Por consiguiente, como en este caso se demostraron los supuestos de hecho relativos a la procedencia de indemnización de perjuicios morales por lesiones físicas graves de parientes etc habrá lugar a condenar a indemnizarlos. Se estableció, de una parte, la lesión grave sufrida por Dinora Sofía Vásquez y, de otra, el parentesco de hijo respecto de aquella por Fausto Andrés Cardeña Vásquez.

Y como la jurisprudencia ha tenido como en el mismo grado de importancia a los compañeros o cónyuges con sus hijos, fijará como indemnización por perjuicio moral para Fausto Andrés los mismos gramos oro que el Tribunal fijó, 800 gramos, para indemnizar el mismo perjuicio sufrido por su padre, señor Sergio de Jesús Cardeña.

En la parte resolutiva de esta sentencia se hará referencia, exclusivamente, a los puntos que fueron objeto de apelación o de descontento, por la parte actora.

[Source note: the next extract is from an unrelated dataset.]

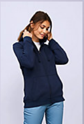
SOL'S SPIKE WOMEN 03106
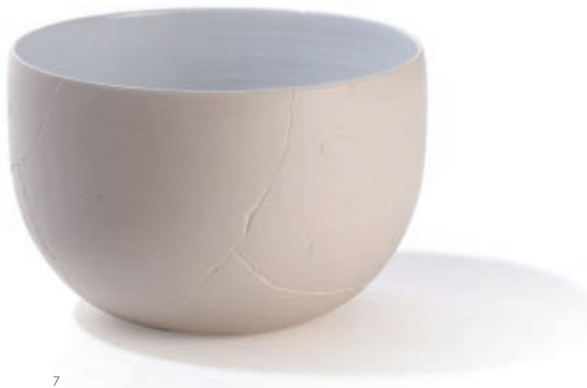
7 盧家恩設計、林國隆製作 「未來的痕跡」碗組

然而，我們必須了解的是，西方的器物文明發展，以及設計與製造系統之主宰優勢的產生，並非單純只依靠政治及經濟的強勢，反而是有著一脈傳承的綿密發展，以及堅實的理論基礎與實踐整合密度。西方器物史自近代以來的歷程，不僅是一部紮實的技術發展與應用史，更是一連串因技術催生各種人文思惟的精采辯證實績紀錄，亦是人類創造力極致發揮的明證。

En mérito de lo expuesto, el Consejo de Estado, Sala de lo Contencioso Administrativo, Sección Tercera, administrando justicia en nombre de la República y por autoridad de la ley,

FALLA:

REVÓCANSE, únicamente, los numerales 6o. y 4o. de la sentencia proferida por Tribunal Administrativo de Sucre, el día 6 de marzo de 1996; el numeral cuarto quedará así:

Cuarto. CONDÉNASE al Hospital regional de San Marcos a indemnizar lo siguientes perjuicios:

A. Los llamados en la demanda como "fisiológicos" (pero comprensivos, por interpretación de la Sala, de la lesión fisiológica, a la vida de relación y alteración de las condiciones de existencia) a favor de Dinora Sofía Vásquez Navarro, en la suma en pesos colombianos de 1000 gramos oro a la fecha de ejecutoria de la sentencia.

B. "Morales" a favor de Fausto Andrés Cardeña Vásquez, en la suma en pesos colombianos de 800 gramos oro a la fecha de ejecutoria de la sentencia.

Cópiese, notifíquese, publíquese y devuélvase.

MARÍA ELENA GIRALDO GÓMEZ

Presidenta

JESÚS MARÍA CARRILLO BALLESTEROS

GERMÁN RODRÍGUEZ VILLAMIZAR

RICARDO HOYOS DUQUE

NOTAS DE PIE DE PAGINA

Comité de Ministros del Consejo de Europa, Resolución 75-7 del 14 de marzo de 1975.

Sentencia proferida el 25 de septiembre de 1997 en el proceso No. 10.421. Actor: María Edelmira Cano y otro.

Henao Pérez, Juan Carlos. El Daño. Ediciones Universidad Externado de Colombia. 1998. Pág. 237.

A manera de ejemplo puede citarse:  Sentencia  10730 proferida el 19 de septiembre de 1996. Sentencia 10646 proferida el 26 de abril de 1996.

Así lo ha considerado la Sala en varias providencias: Sentencia 7449 proferida el 26 de febrero de 1993., actor: Antonio Diego Vallejo Jaramillo; 7872 proferida el 16 de junio de 1993, actor: Carmen Julio López Leal; 7622 proferida el 12 de julio de 1993, actor: José Orlando Isaza Cifuentes y sentencia proferida el 30 de octubre de 1996, actor: Julieta Díez.

 Sentencia de 28 de octubre de 1999. Expediente 12.384. Demandante: Luis Eudoro Jojoa Jojoa. Demandada: Nación (Ministerio de Defensa).